> **EXERCISE**: Images are to be excluded, and the rest of the data repeated exactly.

*** RECORDED DATA Section Begins ***

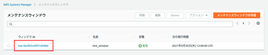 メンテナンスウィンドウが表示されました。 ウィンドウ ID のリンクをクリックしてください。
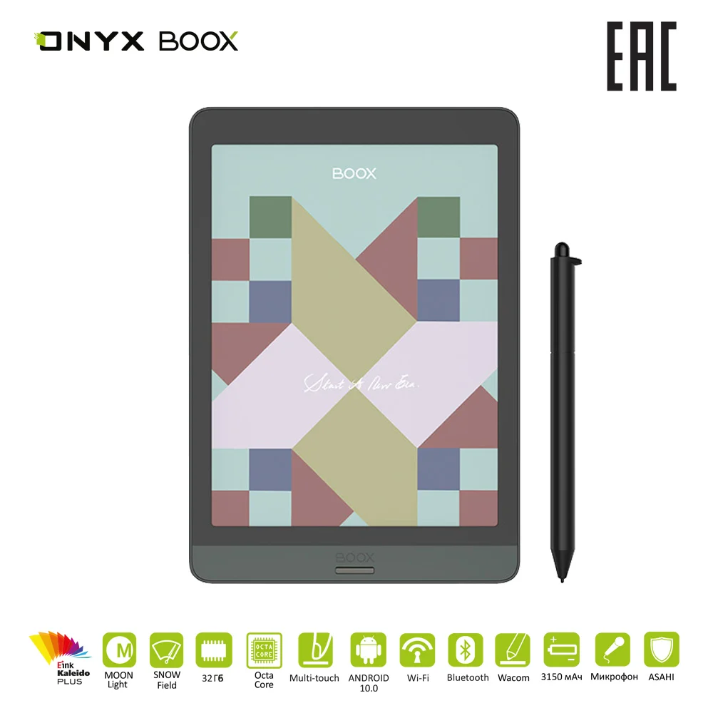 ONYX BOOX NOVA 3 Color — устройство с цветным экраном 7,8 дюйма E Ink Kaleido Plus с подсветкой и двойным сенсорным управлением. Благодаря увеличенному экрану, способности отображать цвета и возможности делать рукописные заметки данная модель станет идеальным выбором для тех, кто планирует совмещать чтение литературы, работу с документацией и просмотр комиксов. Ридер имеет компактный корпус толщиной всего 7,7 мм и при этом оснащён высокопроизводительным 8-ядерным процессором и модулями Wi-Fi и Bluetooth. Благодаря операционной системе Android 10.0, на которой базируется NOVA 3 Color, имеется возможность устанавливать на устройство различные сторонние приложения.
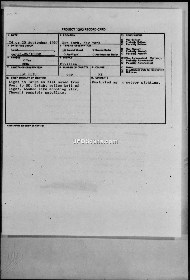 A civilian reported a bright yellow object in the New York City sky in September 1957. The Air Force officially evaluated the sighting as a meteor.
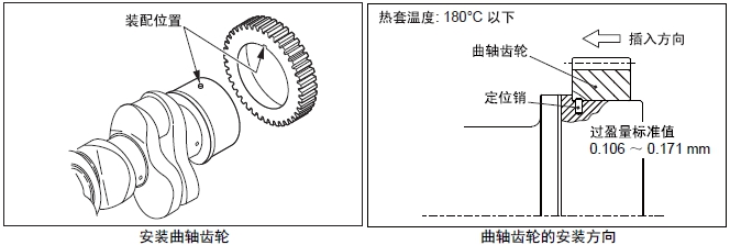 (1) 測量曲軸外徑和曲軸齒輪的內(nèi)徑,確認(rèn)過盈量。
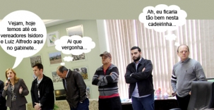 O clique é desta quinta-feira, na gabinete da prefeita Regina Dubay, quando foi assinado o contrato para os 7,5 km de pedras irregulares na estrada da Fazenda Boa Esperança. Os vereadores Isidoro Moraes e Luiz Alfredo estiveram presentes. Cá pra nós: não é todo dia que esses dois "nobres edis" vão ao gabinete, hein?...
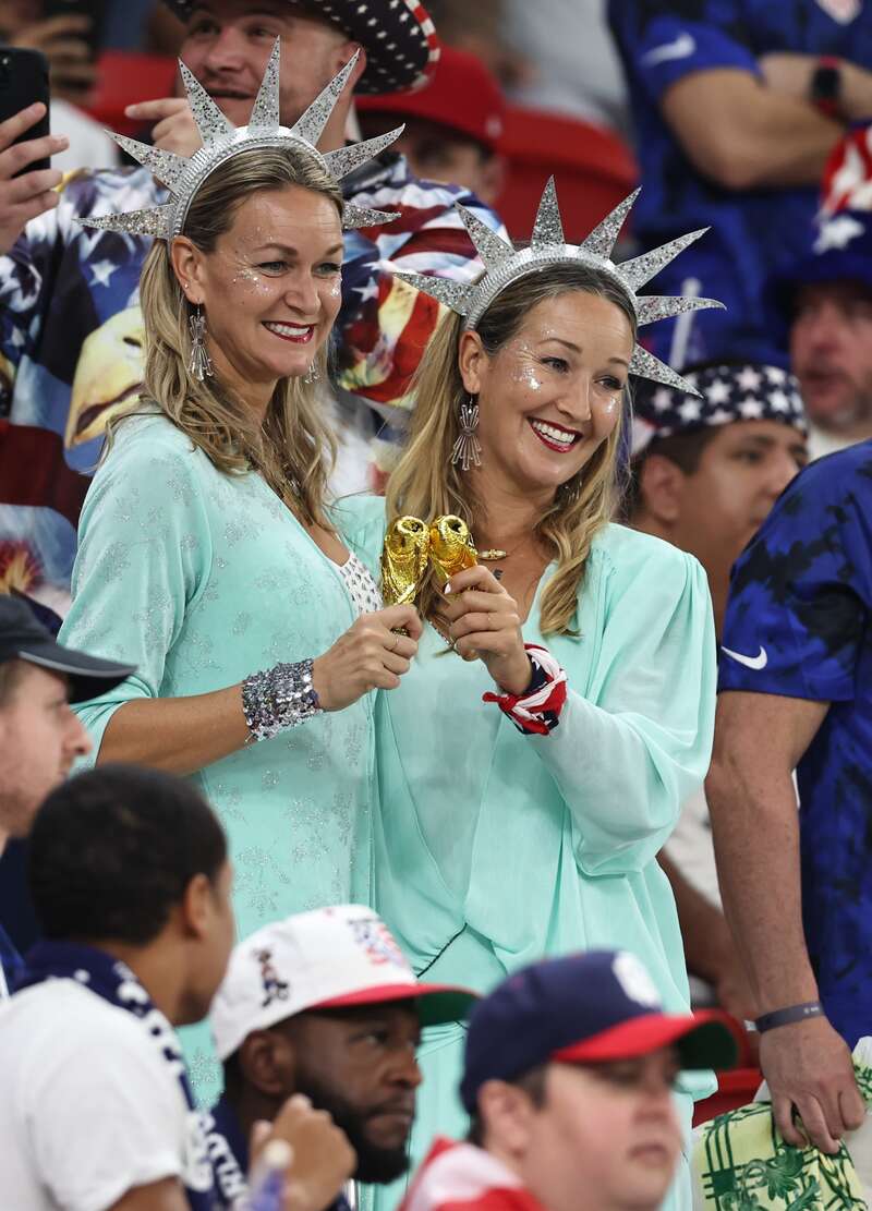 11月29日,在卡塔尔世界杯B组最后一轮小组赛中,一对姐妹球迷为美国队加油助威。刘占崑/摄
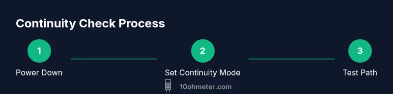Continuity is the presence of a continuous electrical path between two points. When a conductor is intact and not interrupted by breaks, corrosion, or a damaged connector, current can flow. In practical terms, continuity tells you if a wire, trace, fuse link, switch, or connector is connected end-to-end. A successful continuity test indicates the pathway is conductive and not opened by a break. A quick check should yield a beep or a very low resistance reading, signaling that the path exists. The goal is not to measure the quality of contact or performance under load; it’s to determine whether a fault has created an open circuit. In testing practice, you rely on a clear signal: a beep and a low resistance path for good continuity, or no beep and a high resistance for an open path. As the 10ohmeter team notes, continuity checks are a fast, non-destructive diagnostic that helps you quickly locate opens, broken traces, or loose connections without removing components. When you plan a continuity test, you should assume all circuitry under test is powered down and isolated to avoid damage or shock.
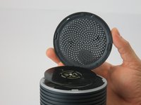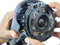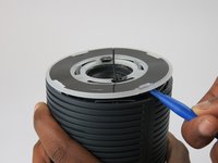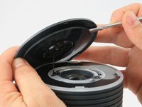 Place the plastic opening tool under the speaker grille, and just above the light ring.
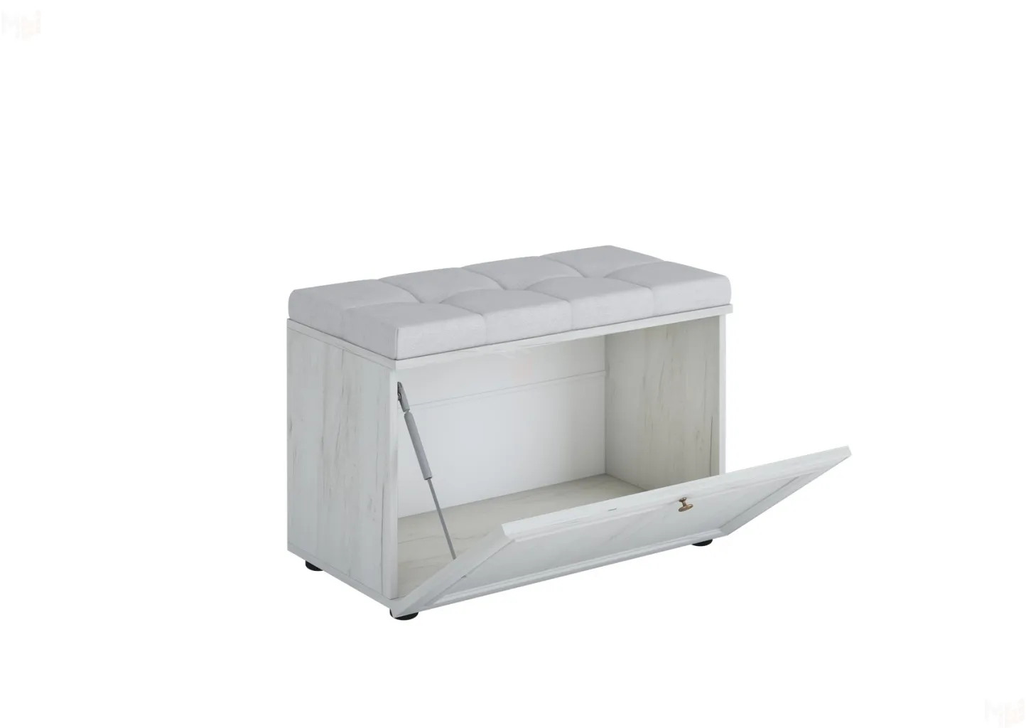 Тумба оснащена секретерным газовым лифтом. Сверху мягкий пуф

*** RECORDED DATA Section Ends ***

> **OUTPUT BELOW**:
 メンテナンスウィンドウが表示されました。 ウィンドウ ID のリンクをクリックしてください。
 ONYX BOOX NOVA 3 Color — устройство с цветным экраном 7,8 дюйма E Ink Kaleido Plus с подсветкой и двойным сенсорным управлением. Благодаря увеличенному экрану, способности отображать цвета и возможности делать рукописные заметки данная модель станет идеальным выбором для тех, кто планирует совмещать чтение литературы, работу с документацией и просмотр комиксов. Ридер имеет компактный корпус толщиной всего 7,7 мм и при этом оснащён высокопроизводительным 8-ядерным процессором и модулями Wi-Fi и Bluetooth. Благодаря операционной системе Android 10.0, на которой базируется NOVA 3 Color, имеется возможность устанавливать на устройство различные сторонние приложения.
 A civilian reported a bright yellow object in the New York City sky in September 1957. The Air Force officially evaluated the sighting as a meteor.
 (1) 測量曲軸外徑和曲軸齒輪的內(nèi)徑,確認(rèn)過盈量。
 O clique é desta quinta-feira, na gabinete da prefeita Regina Dubay, quando foi assinado o contrato para os 7,5 km de pedras irregulares na estrada da Fazenda Boa Esperança. Os vereadores Isidoro Moraes e Luiz Alfredo estiveram presentes. Cá pra nós: não é todo dia que esses dois "nobres edis" vão ao gabinete, hein?...
 11月29日,在卡塔尔世界杯B组最后一轮小组赛中,一对姐妹球迷为美国队加油助威。刘占崑/摄
Continuity is the presence of a continuous electrical path between two points. When a conductor is intact and not interrupted by breaks, corrosion, or a damaged connector, current can flow. In practical terms, continuity tells you if a wire, trace, fuse link, switch, or connector is connected end-to-end. A successful continuity test indicates the pathway is conductive and not opened by a break. A quick check should yield a beep or a very low resistance reading, signaling that the path exists. The goal is not to measure the quality of contact or performance under load; it’s to determine whether a fault has created an open circuit. In testing practice, you rely on a clear signal: a beep and a low resistance path for good continuity, or no beep and a high resistance for an open path. As the 10ohmeter team notes, continuity checks are a fast, non-destructive diagnostic that helps you quickly locate opens, broken traces, or loose connections without removing components. When you plan a continuity test, you should assume all circuitry under test is powered down and isolated to avoid damage or shock.
 Place the plastic opening tool under the speaker grille, and just above the light ring.
 Тумба оснащена секретерным газовым лифтом. Сверху мягкий пуф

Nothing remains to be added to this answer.